The boy is turning red.
“Touch the ball with a decision already made.”
The other players on Cuervos FC watch without looking away. None of them begins a side conversation.
Fragoso drops the ball and returns to the sideline.
Cuervos is a new team on the club soccer scene. José Alberto Vasquez is president of the club and recruited coaches like Fragoso, a former professional player in Mexico, to rally Latino athletes from unranked clubs, casually organized games between Latino kids in what’s known as the “Barrio Leagues” or “Mexican Leagues” to compete against the highest ranked teams in Oregon. Other clubs have Latinos on their rosters, but Cuervos’ raison d’être is Latinos.

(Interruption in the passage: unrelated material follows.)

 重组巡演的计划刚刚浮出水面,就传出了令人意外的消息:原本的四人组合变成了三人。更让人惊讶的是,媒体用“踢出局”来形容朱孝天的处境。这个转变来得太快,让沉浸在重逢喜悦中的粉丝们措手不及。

The Barrio League matches, complete with food trucks and mariachi soundtracks, provide a cultural experience and some very good soccer.

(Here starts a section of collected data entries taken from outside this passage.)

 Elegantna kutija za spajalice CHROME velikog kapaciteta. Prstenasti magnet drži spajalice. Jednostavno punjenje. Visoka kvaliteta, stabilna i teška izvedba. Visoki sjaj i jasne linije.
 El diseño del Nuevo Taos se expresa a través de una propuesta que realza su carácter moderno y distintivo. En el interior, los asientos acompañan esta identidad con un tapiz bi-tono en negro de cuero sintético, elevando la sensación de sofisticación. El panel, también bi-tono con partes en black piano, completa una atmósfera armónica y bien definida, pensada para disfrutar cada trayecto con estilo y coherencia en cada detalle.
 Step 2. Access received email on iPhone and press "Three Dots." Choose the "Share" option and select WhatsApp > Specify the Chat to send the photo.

“I grew up playing in the Mexican leagues,” says Marco Farfan, left back defender for the Portland Timbers. “Taco trucks, music, I loved it.”
But the Gresham native, who was selected for Major League Soccer’s Homegrown Game in Atlanta this week, says the emergence of teams like Cuervos offers young Latino players more options.
“I think it’s great,” Farfan says. “Even though I came from Eastside Timbers, I root for teams like Cuervo,” he says laughing.
Following Jenna’s Law
One benefit of playing on a team like Cuervos, which is based in Gresham, may be greater attention to player safety.
Like many of the best soccer teams in Oregon, Cuervos operates outside of the public school system, under the authority of the Oregon Youth Soccer Association.
Such teams — more than 1,000 in the state according to OYSA — are required to comply with Jenna’s Law, legislation passed in 2013 aimed at reducing head injuries in recreational sports.
The law requires coaches to undergo annual training to help them identify the signs of a concussion. Vasquez and Fragoso had theirs nine months ago, in Spanish.
Parents and children are given information about concussions, the signs and dangers of getting them.
“We sign these forms and give over our insurance information,” says Rocky Munoz, whose son, Fito, plays for the team.
The OYSA offers a graded return-to-play guideline as well as a fact sheet on concussions produced by Providence Health. The document is available on OYSA’s website and distributed to member clubs, such as Cuervos. Vasquez says his coaches have concussion materials written in both English and Spanish.
That kind of support is lacking in the Barrio Leagues, Farfan says.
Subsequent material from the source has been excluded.